I fish there all the time, and yes the causeway bridge on the way to knotts island that goes over the ditch is parallel to back bay, and the southern end of back bay is in nc, and the game warden told me either a saltwater or freshwater nc license is fine










the ditch is under the "c" in causeway and it connects the currituck sound to the southern end of back bay


----------



## dirtyhandslopez (Nov 17, 2006)

Sounds like it should be a killer spot then. Might have to hit it if BBNWR is to rough and I'm down that way. I'll make sure not to catch any small mouth DD:fishing:


----------



## Islander80 (Mar 27, 2010)

I live on knotts island and fish the at the bridge all the time. You can catch white perch and catfish on bottom rigs and night crawlers. You can catch flounder and striper on storm shad and buck tails. The best time to go for flounder and striper in on a windy day because it will get the current running through there pretty good. Hope this helps.


----------



## tbird6971 (Jan 16, 2010)

Islander80 said:


> I live on knotts island and fish the at the bridge all the time. You can catch white perch and catfish on bottom rigs and night crawlers. You can catch flounder and striper on storm shad and buck tails. The best time to go for flounder and striper in on a windy day because it will get the current running through there pretty good. Hope this helps.


yall catchin stripers and flounder yet? i went last weekend and there was nuthing hittin


----------



## Islander80 (Mar 27, 2010)

It is hit and miss. It has been slow this year but I have been catching flounder for a couple of months now, just depends on the day.


----------



## chud (Aug 18, 2009)

Man, I love hearing the Currituck fishing report here. 

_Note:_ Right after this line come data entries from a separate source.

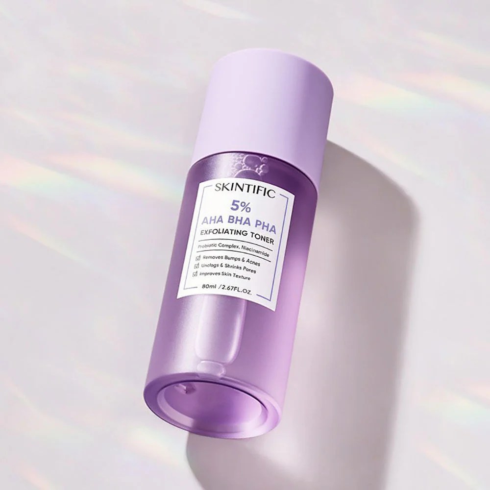โทนเนอร์ที่มีส่วนผสมของ AHA, BHA, และ PHA ช่วยผลัดเซลล์ผิว ลดสิวอุดตัน และปรับสภาพผิวให้เรียบเนียน เหมาะสำหรับผิวเป็นสิว
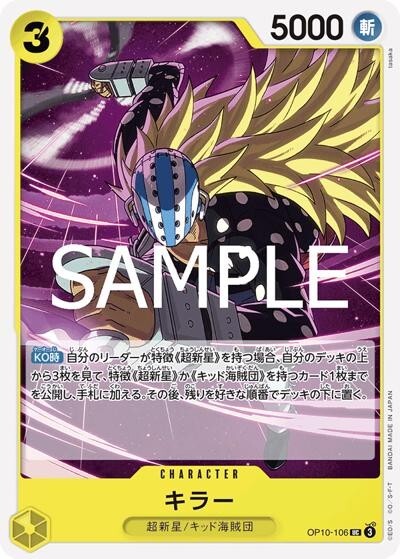 キラー 【UC】【黄】【OP10-106】【コスト3】【5000】【カウンター0】【KO時】超新星/キッド海賊団
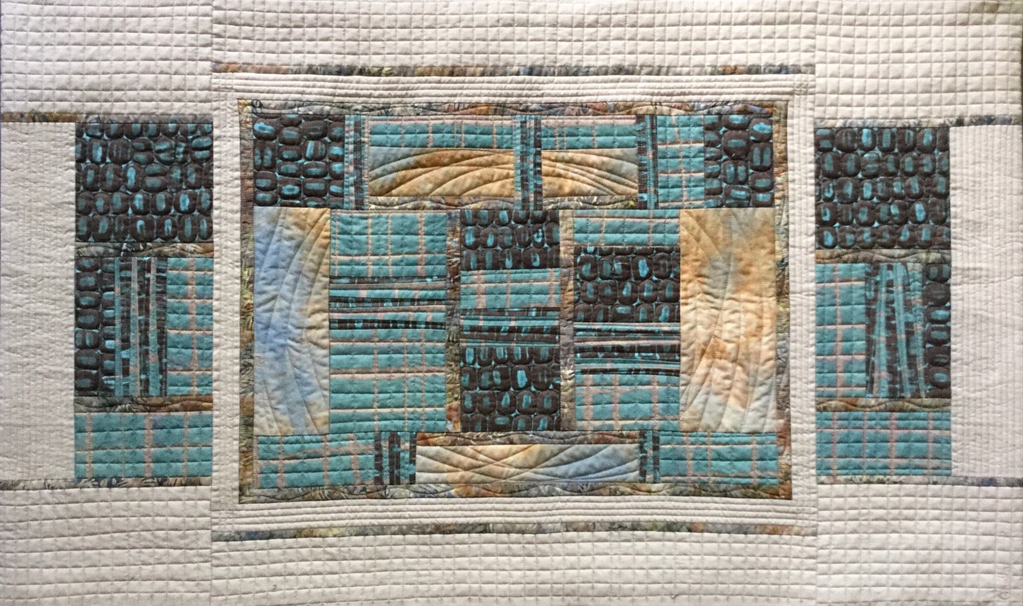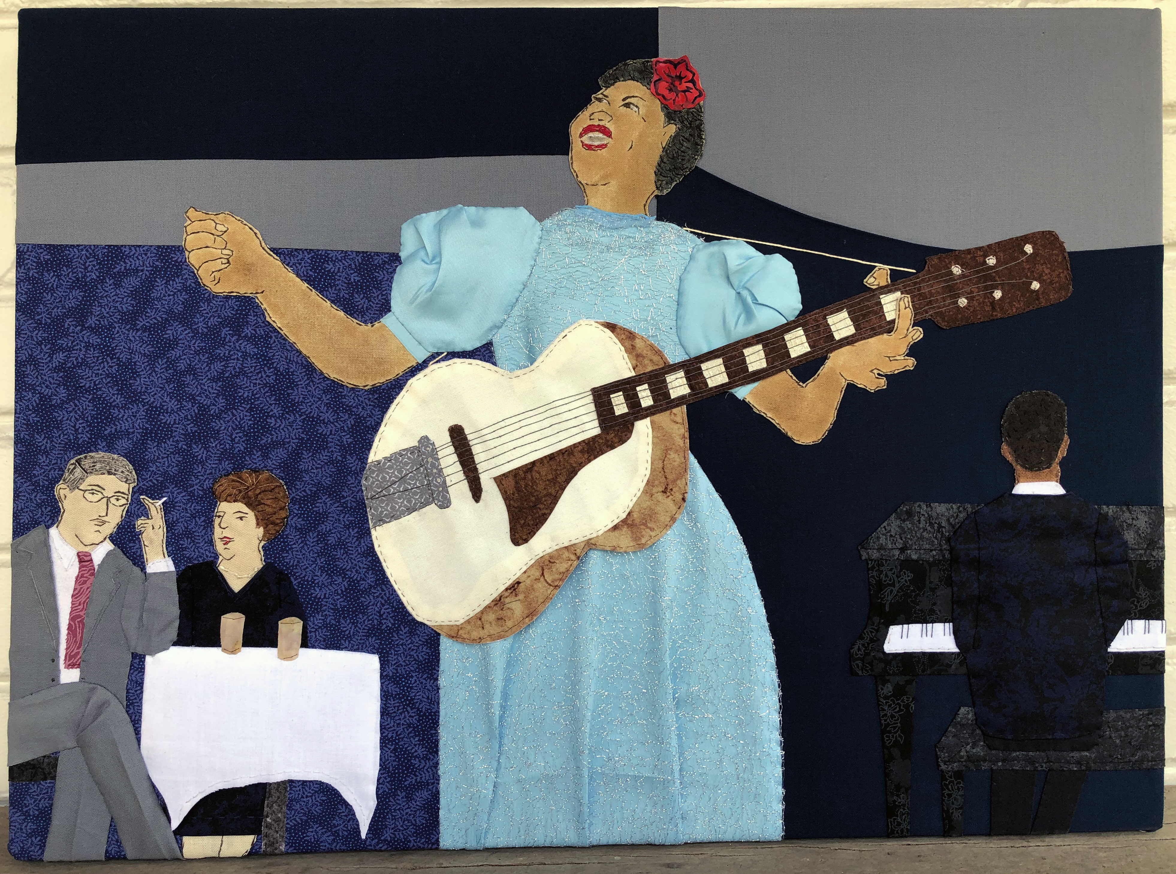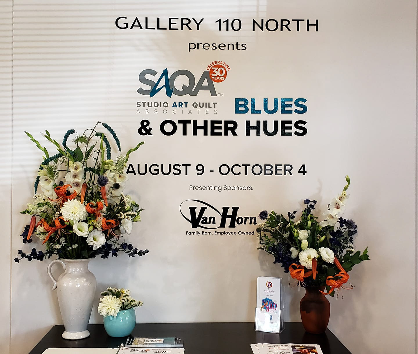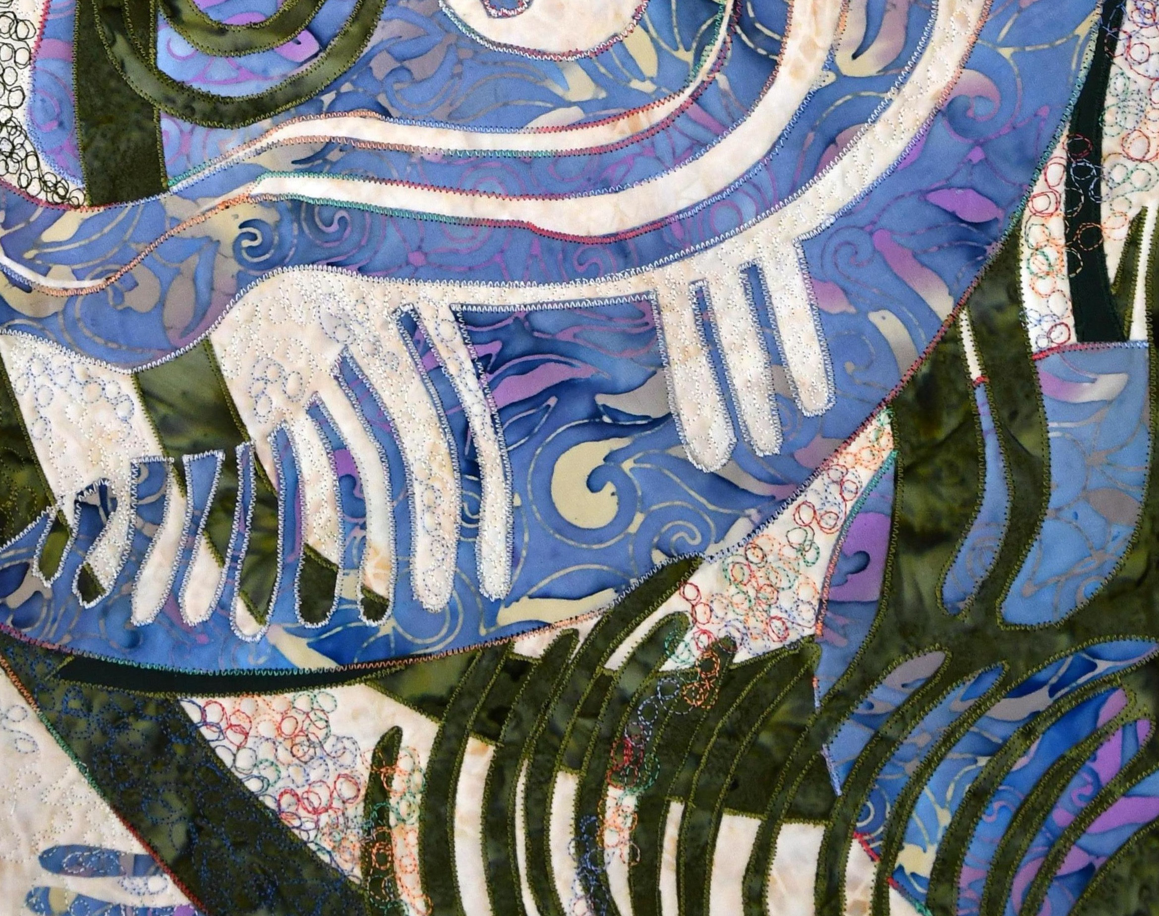 Fiber artists of Studio Art Quilt Associates (SAQA) present their work at the Plymouth Arts Center in an exhibition entitled “Blues & Other Hues.” This brand-new exhibit is inspired by the PAC’s annual Jazz and Blues Crawl Fundraiser for the Arts and features over 65 art quilts created by SAQA artists from Wisconsin, Illinois and invited members. SAQA defines an art quilt as “a creative visual work that is layered and stitched or that references this form of stitched layered structure.” Music and Art, creativity and imagination, innovation and perception, one affects the other until the edges blur. Envisioning rhythm, balance and texture the artist is free from any preconceived notion of cloth. The public is invited to meet the artists at the opening reception held in Gallery 110 North, in conjunction with the Jazz Crawl, on Friday, August 9th, 2019 from 4:30pm to 8pm. The show will be on display through October 4th. “Blues & Other Hues” is generously sponsored by Van Horn Auto.
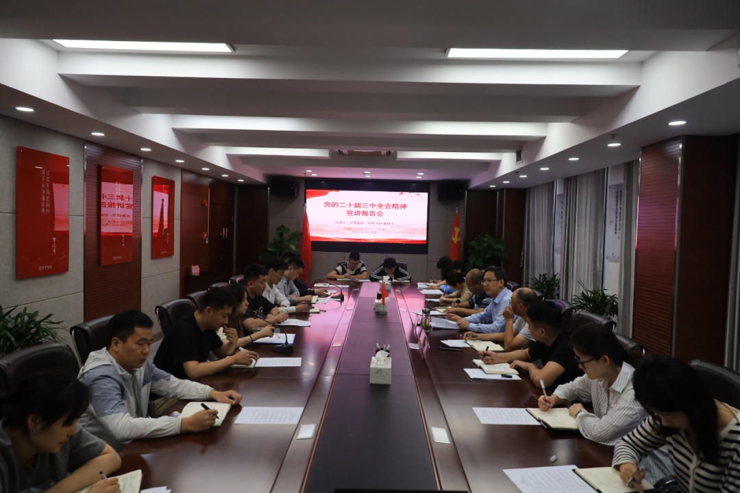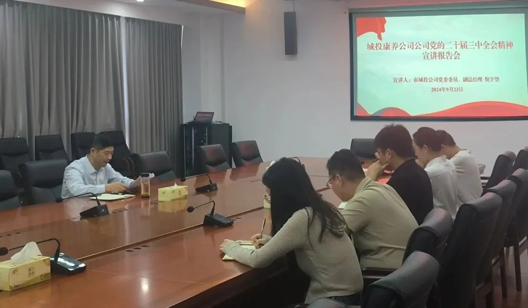 9月23日上午,市城投公司舉行黨的二十屆三中全會精神宣講報告會,黨委書記沈明仕主持會議并作宣講報告,領(lǐng)導(dǎo)班子其他成員及各黨支部書記、各部門負責(zé)同志參加會議。
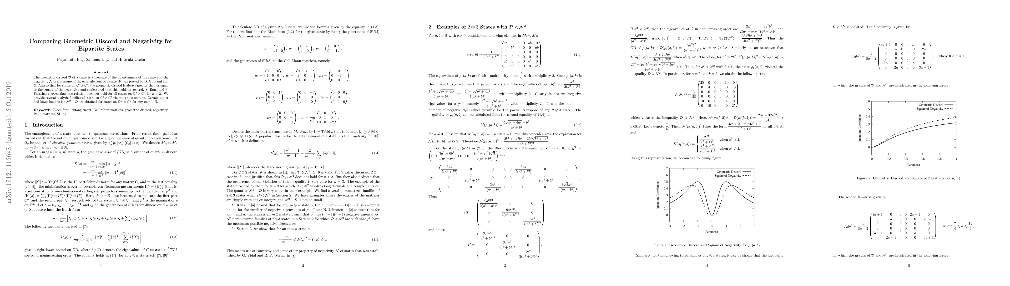 The geometric discord $\mathcal{D}$ of a state is a measure of the quantumness of the state and the negativity $\mathcal{N}$ is a measure of the entanglement of a state. It was proved by D. Girolami and G. Adesso that for states on $\mathbb{C}^2\otimes\mathbb{C}^2$, the geometric discord is always greater than or equal to the square of the negativity and conjectured that this holds in general. S. Rana and P. Parashar showed that this relation does not hold for all states on $\mathbb{C}^2\otimes\mathbb{C}^n$ for $n>2$. We provide several analytic families of states on $\mathbb{C}^2\otimes\mathbb{C}^3$ violating this relation. Certain upper and lower bounds for $\mathcal{N}^2-\mathcal{D}$ are obtained for states on $\mathbb{C}^m\otimes\mathbb{C}^n$ for any $m, n\in\mathbb{N}$.
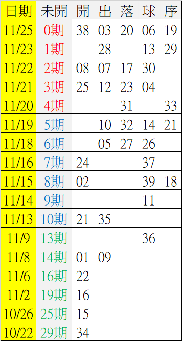 11/26 今彩539 遠星統計表
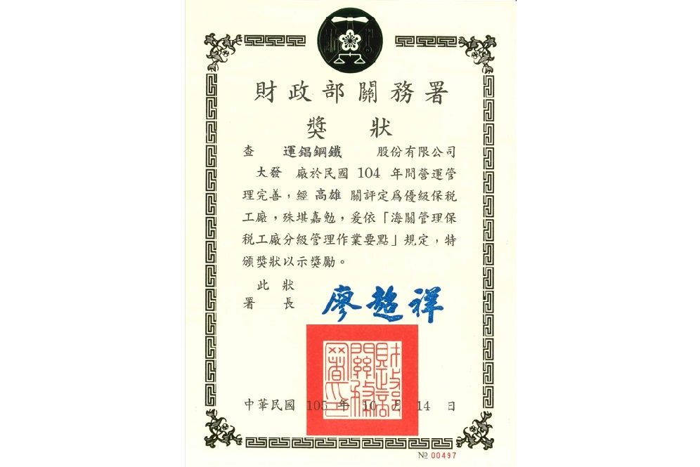 - The Dafa Plant was awarded as “Excellent Bonded Factory” by the Customs Administration, Ministry of Finance in 2015.
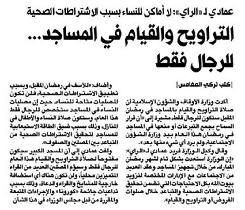 واختتمت بالإشارة إلى أن «ثمة دولاً خليجية قصرت صلاة التراويح على 30 دقيقة مع استمرار إغلاق مصليات النساء».
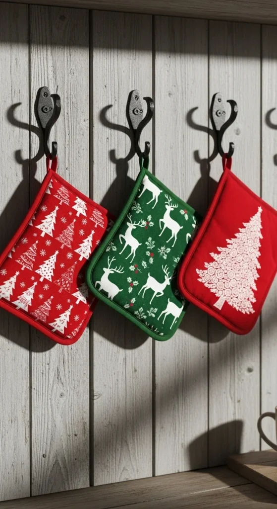 Swap your usual pot holders for seasonal ones. Choose patterns that match your theme — classic red plaid or cozy Nordic prints. Hang them visibly to add visual warmth. It’s a small, practical update that instantly reads Christmas.
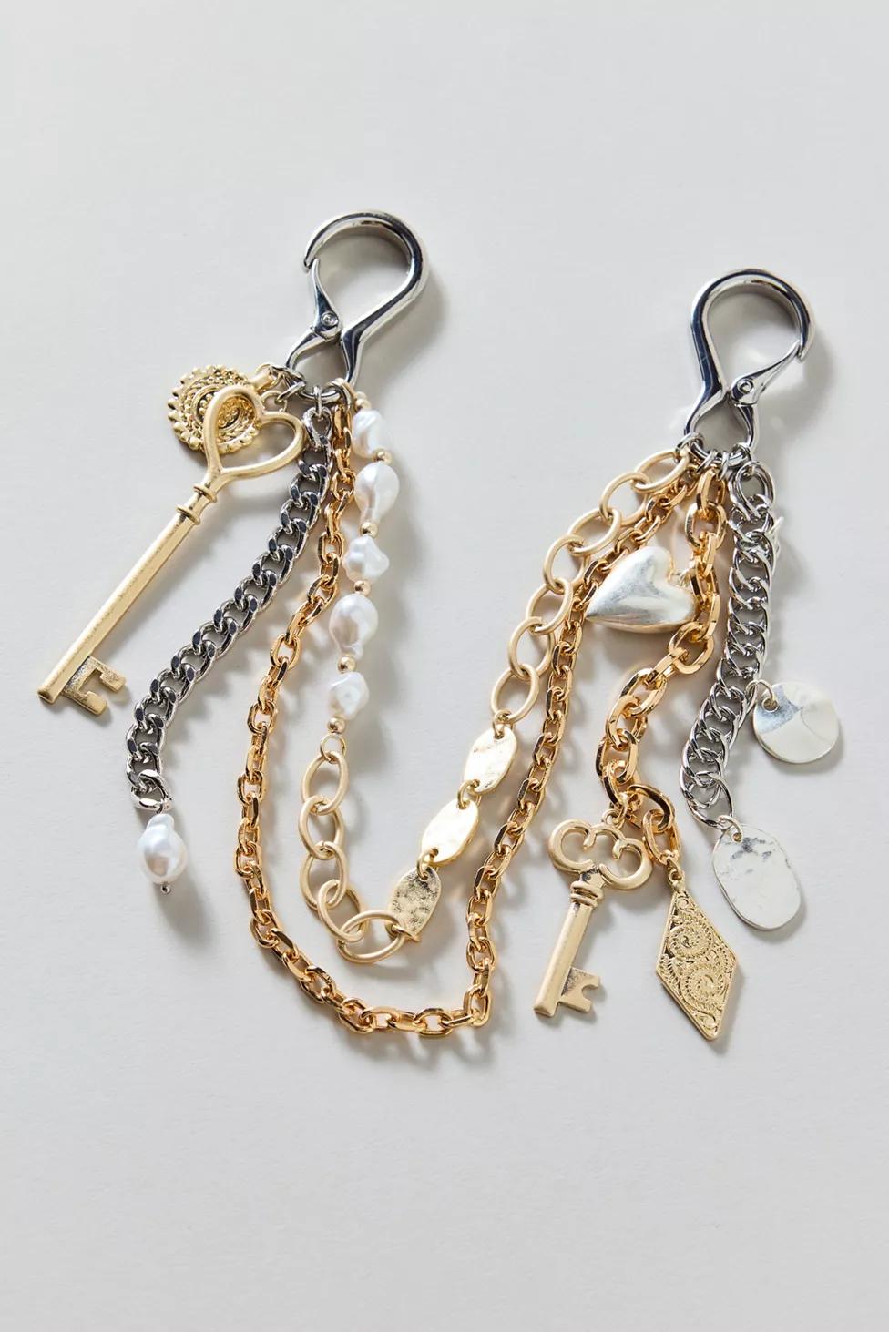 Instantly elevate your bag with this double-layered chain for an effortlessly maximalist look. Featuring mixed metal chains adorned with charm accents and pearl beads, it adds boho edge to your look.

I've heard that the black drum are good around the Knotts Island bridge near this area. I'm from Sligo but never fished that spot. I'm in Charlotte now so it's nice to hear about the folks fishing close to home.

Chud


----------



## tbird6971 (Jan 16, 2010)

yea its a good spot for bigg flounder


----------



## Islander80 (Mar 27, 2010)

Two years ago we had a great run of black drum but last year and so far this year I have not seen the first one pulled in. This is the time of year that they show up so you might be able to catch some. If you want to try you will need to use shrimp or crab on a bottom rig cast about 20 or 30 yards out from the bridge on the sound side. Even if the black drum are not there you will still be able to catch some white perch on that rig. I have heard of some crabbers catching a few in there pots south of the island so you might have some luck.


----------



## tbird6971 (Jan 16, 2010)

yea I remember that the black drum were thick 2 years ago


----------



## Blackbird (Jun 18, 2005)

Thanks for the advice and info.


----------



## chud (Aug 18, 2009)

I remember the reports on the Black Drum - but didn't realize that was so long ago now!

Are you quartering the crabs on the bottom rig?

Thanks - Chud


----------



## dirtyhandslopez (Nov 17, 2006)

Blackbird said:


> Thanks for the advice and info.


I second that emotion


----------